SQL: optimisation of complex query


#1

Our project needs to perform a embedded query looking for moving objects in spatio-temporal space. For example, we wrote a SQL in below that objects moving from ‘hotel’ to ‘school’ and then to ‘bank’. Is there any way to optimise the statement because it needs much time to get results?
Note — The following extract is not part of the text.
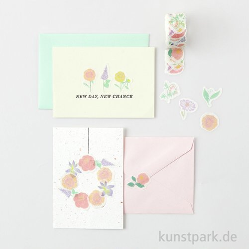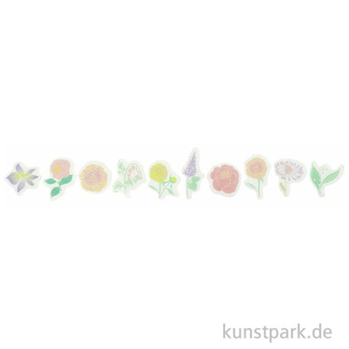 Hübsche, florale Washi Sticker aus Reispapier. Sie eignen sich wunderbar zum Verzieren von Karten, Geschenken, Journals und Scrapbooks. Die Rolle enthält 200 Sticker. Sie bleiben nach dem Aufkleben ablösbar und wiederverwendbar.
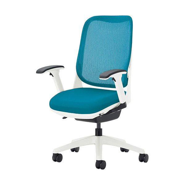 ●フレキシブルアームで背座色ターコイズブルー(ホワイト脚・フレームはホワイト)のオフィスチェア「ライド」。

Thanks in advance.

with round2 as (with round as (with hotel as (SELECT pid, lat, lng FROM poi WHERE type = ‘hotel’)

SELECT distinct r1.tid, r1.lat, r1.lng, r1.dtime FROM wtaxi_full r1, hotel h1

WHERE r1.lat < h1.lat+0.01 AND r1.lat > h1.lat-0.01 AND r1.lng < h1.lng+0.01 AND r1.lng > h1.lng-0.01

AND DATEDIFF(‘SECOND’, r1.dtime, TIMESTAMP’2008-03-06 10:21:22’) < 0 AND DATEDIFF(‘SECOND’, r1.dtime, TIMESTAMP’2008-03-06 12:21:22’) > 0)

(with school as (SELECT pid, lat, lng FROM sigpoi WHERE type = ‘school’)

SELECT distinct t.tid, t.lat, t.lng, t.dtime FROM round t, school s

WHERE t.lat < s.lat+0.01 AND t.lat > s.lat-0.01 AND t.lng < s.lng+0.01 AND t.lng > s.lng-0.01 ))

(with bank as (SELECT pid, lat, lng FROM sigpoi WHERE type = ‘bank’)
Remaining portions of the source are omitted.